Quello dei vini low-no alcool è un nuovo elemento nel mondo dell’enologia che potrebbe cambiare diversi scenari

Una fetta di mercato che cresce, ma che deve ancora fare tanto per risolvere il problema della disponibilità del prodotto che fa più fatica a passare per i classici canali distributivi. Si conoscono poco insomma. Se il canale si troverà ci potremmo forse trovare di fronte ad un vero e proprio boom del settore.

Quello del low-no alcool è un settore da guardare con attenzione perché è un nuovo ago della bilancia che si inserisce nella filiera e negli sbocchi commerciali. Ma se su questi fronti i passi da fare sono tanti, di ottimi se ne sono fatti nella ristorazione e nelle fiere dove le bottiglie a bassa o totale assente gradazione sono sempre più protagoniste.

Che il “bere moderato” sia sempre più importante per i consumatori lo dimostra l’espansione del fenomeno: per i vini low-no alcool uno stand al ProWein 2023

A dimostrarlo il fatto che ProWein, una delle manifestazione più importanti al mondo del settore enologico, dedicherà proprio un’area della fiera in programma dal 19 al 21 marzo, ai vini dealcolati. Li si potrà trovare nel padiglione “World of Zero” avendo per la prima volta un luogo “comune” dove i produttori potranno far conoscere i loro vini e spiegare il perché di questa scelta ai tanti buyer ed enoappassionati che vi transiteranno.

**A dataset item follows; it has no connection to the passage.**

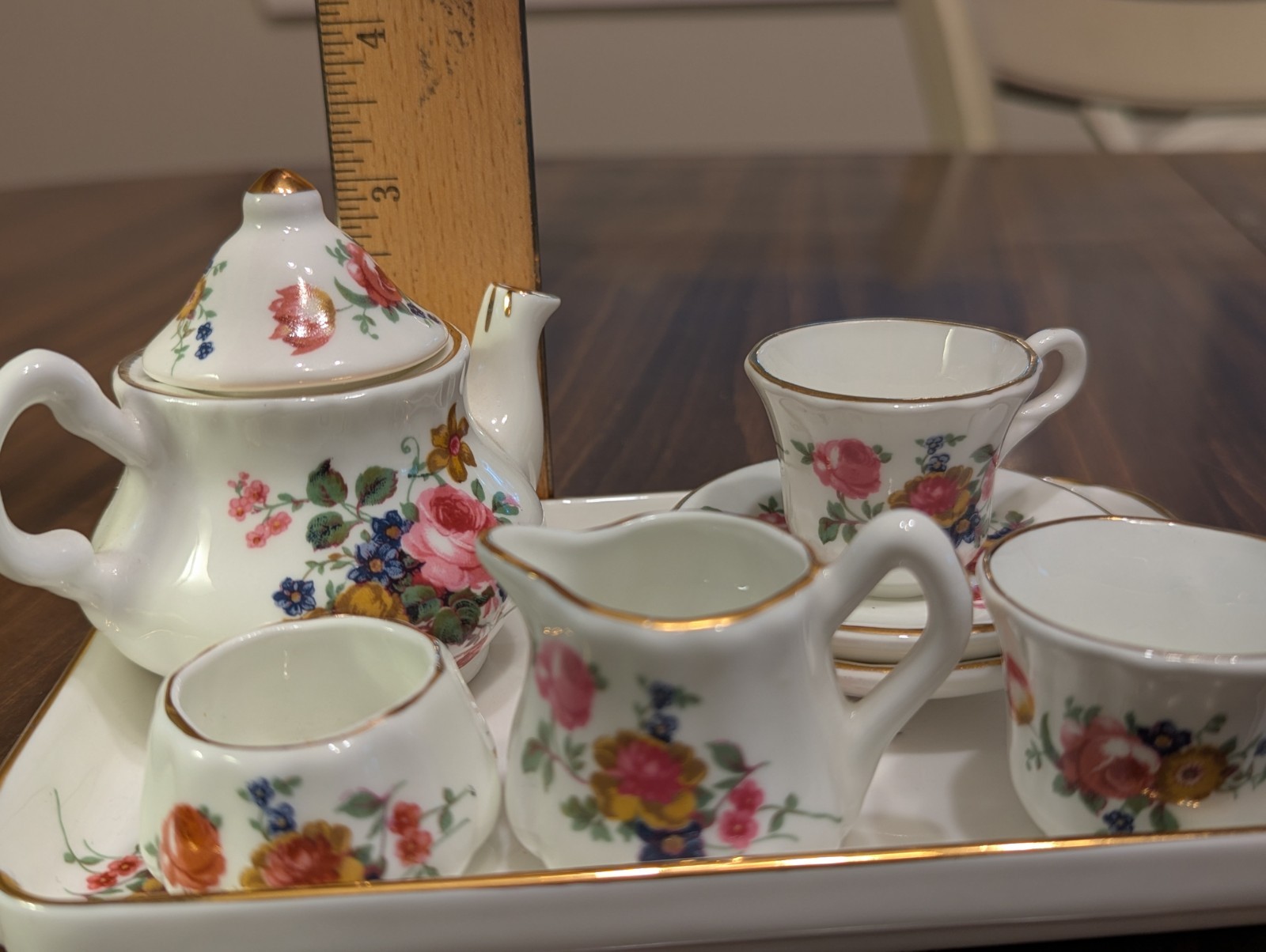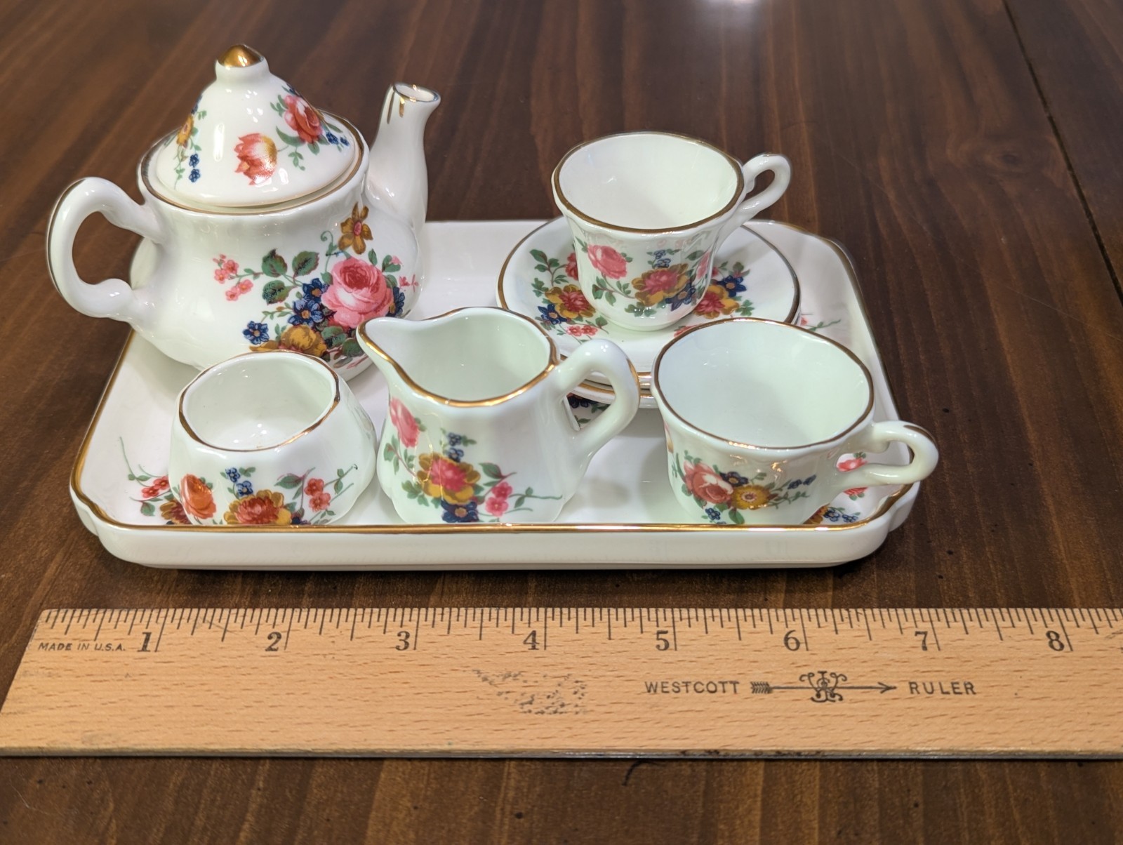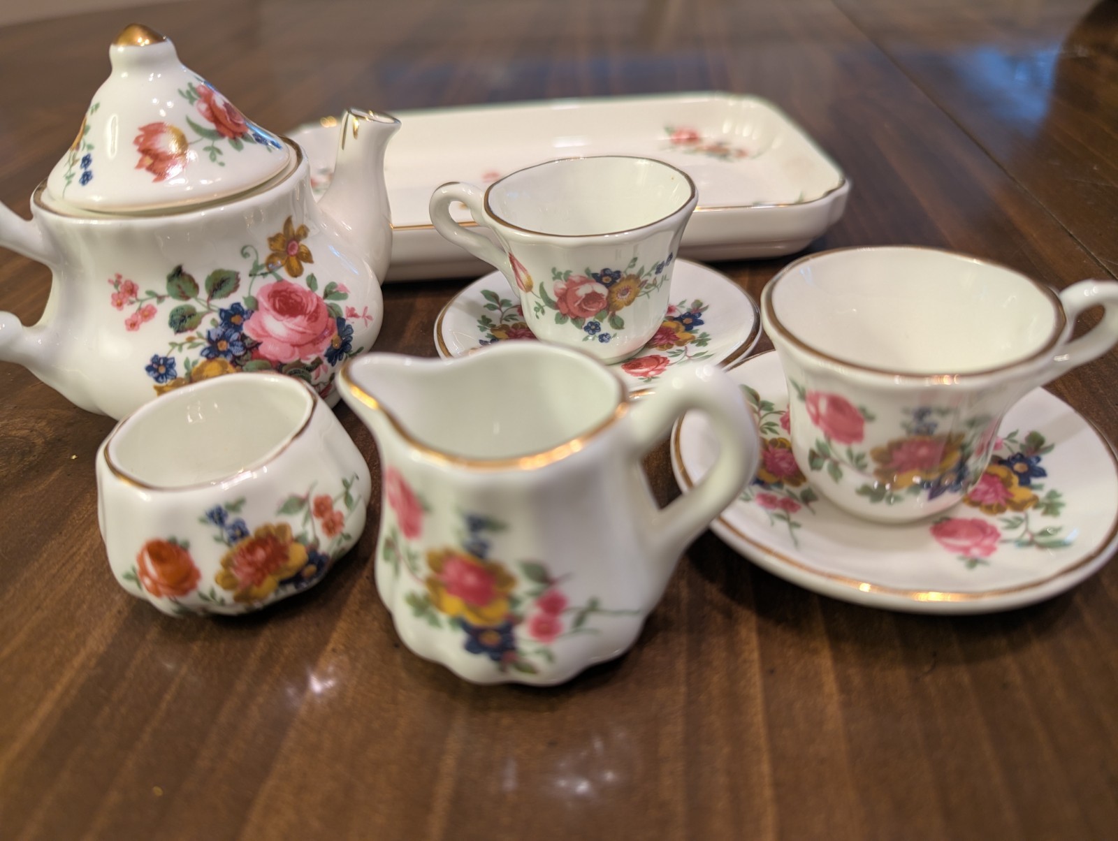 • Miniature Rose Violet Tea Set Fine Bone China Made in England 10 piece Vtg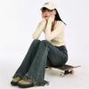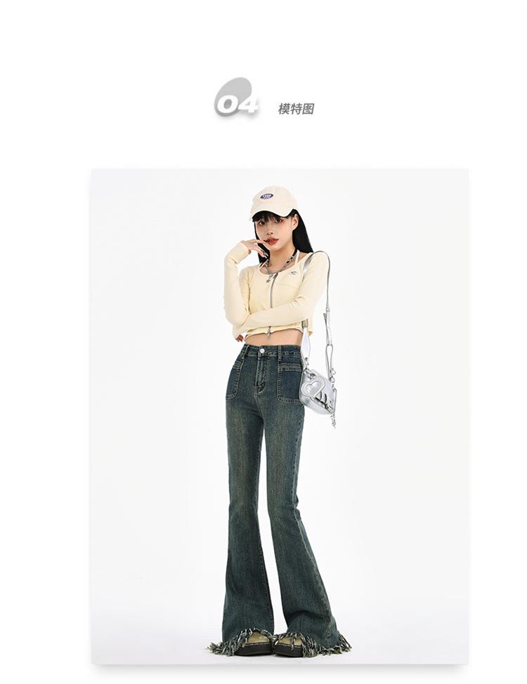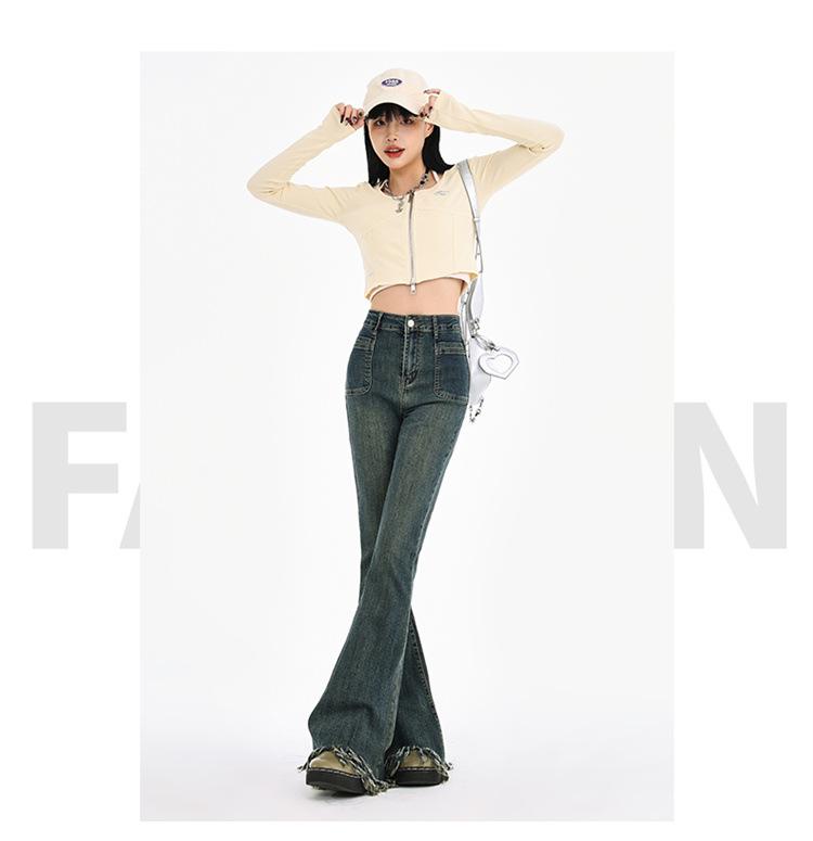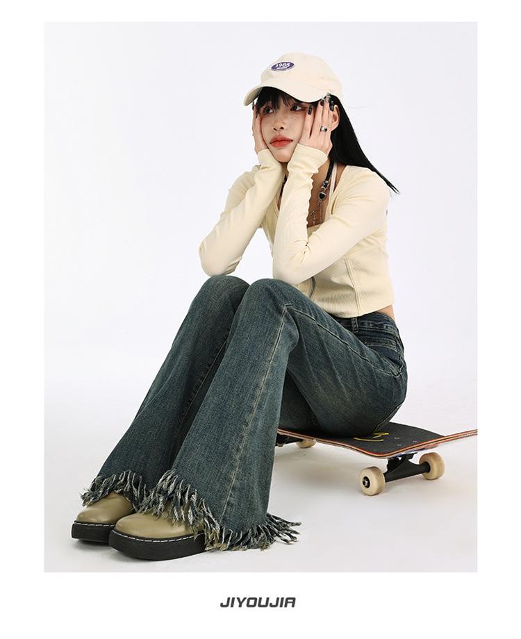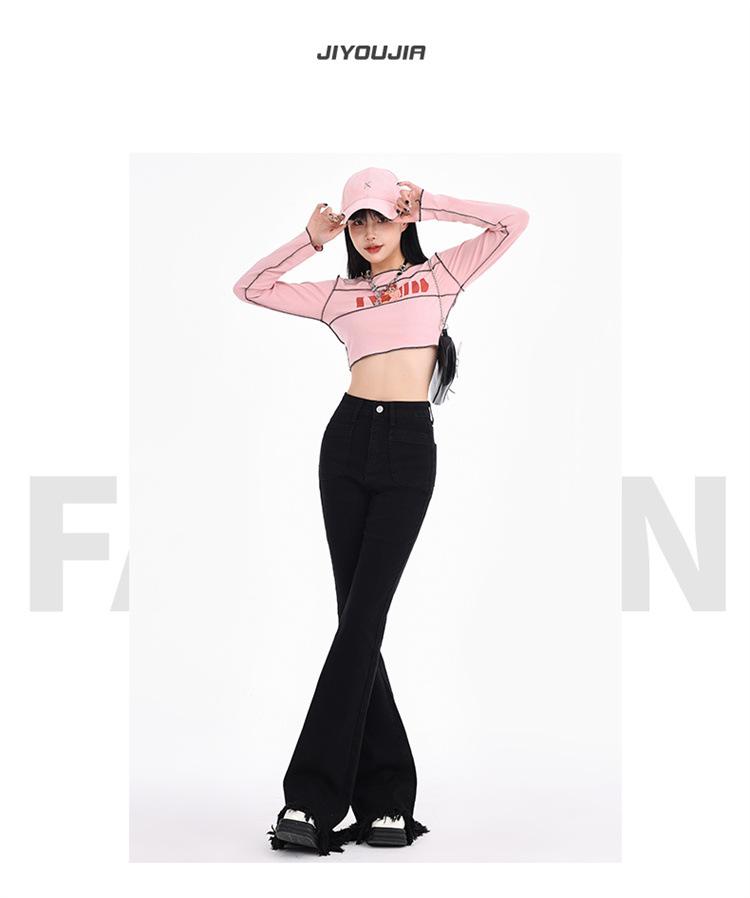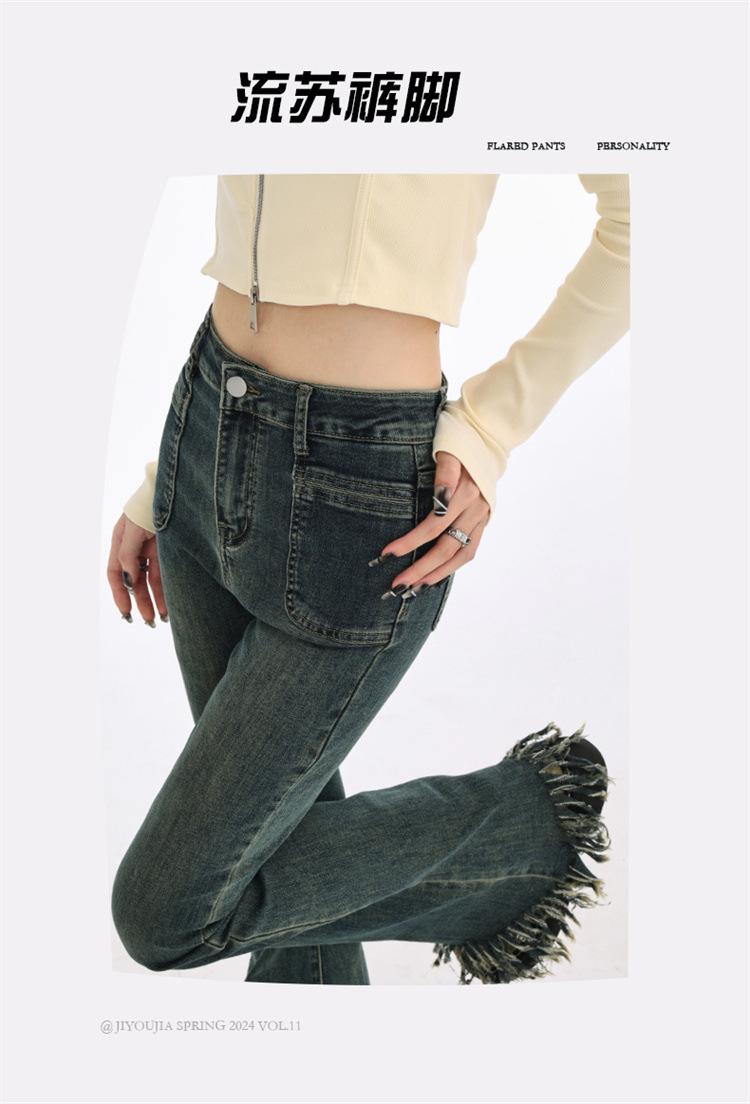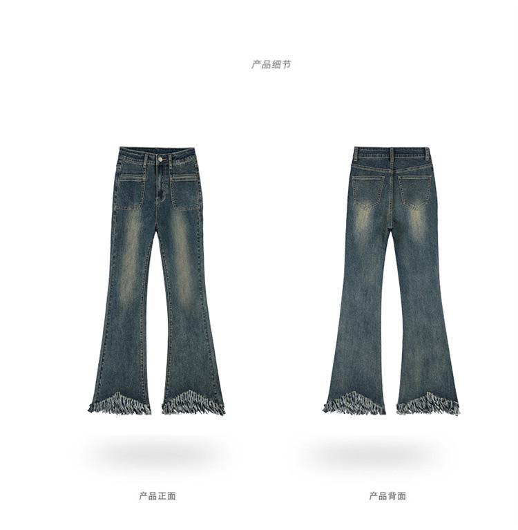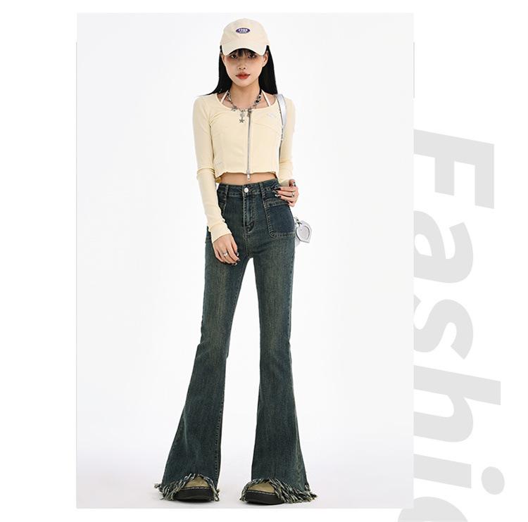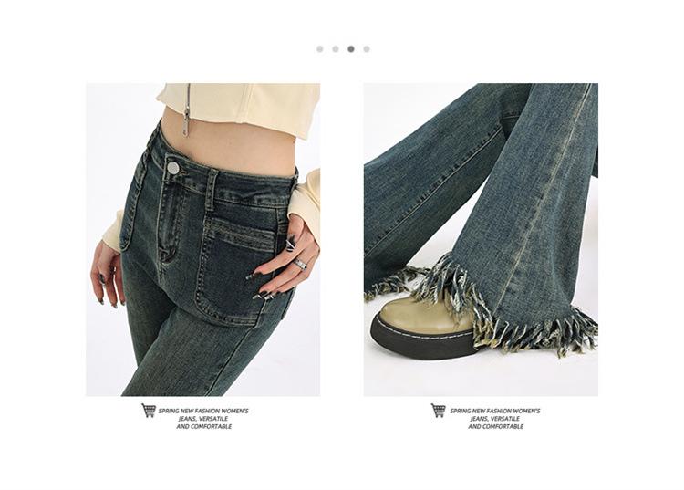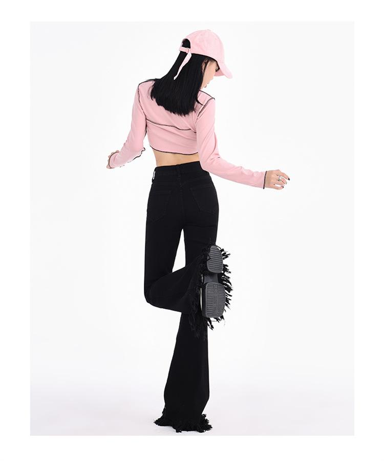 Jeans Negros Microacampanados para Mujer Nuevo Diseño de Borlas Cintura Alta Adelgazantes Pantalones Trompeta para Otoño 2024

D’altra parte proprio la Germania, che ospita il ProWein, è uno dei mercati dove la tendenza ha preso più piede. Dietro di lei ci sono Giappone, Spagna, Stati Uniti e Regno Unito. Una nuova sfida per il mondo del vino dopo quella del bio che qualcuno immaginava una moda e che invece oggi è una solida certezza in termini di scelte, di mercato e di introiti.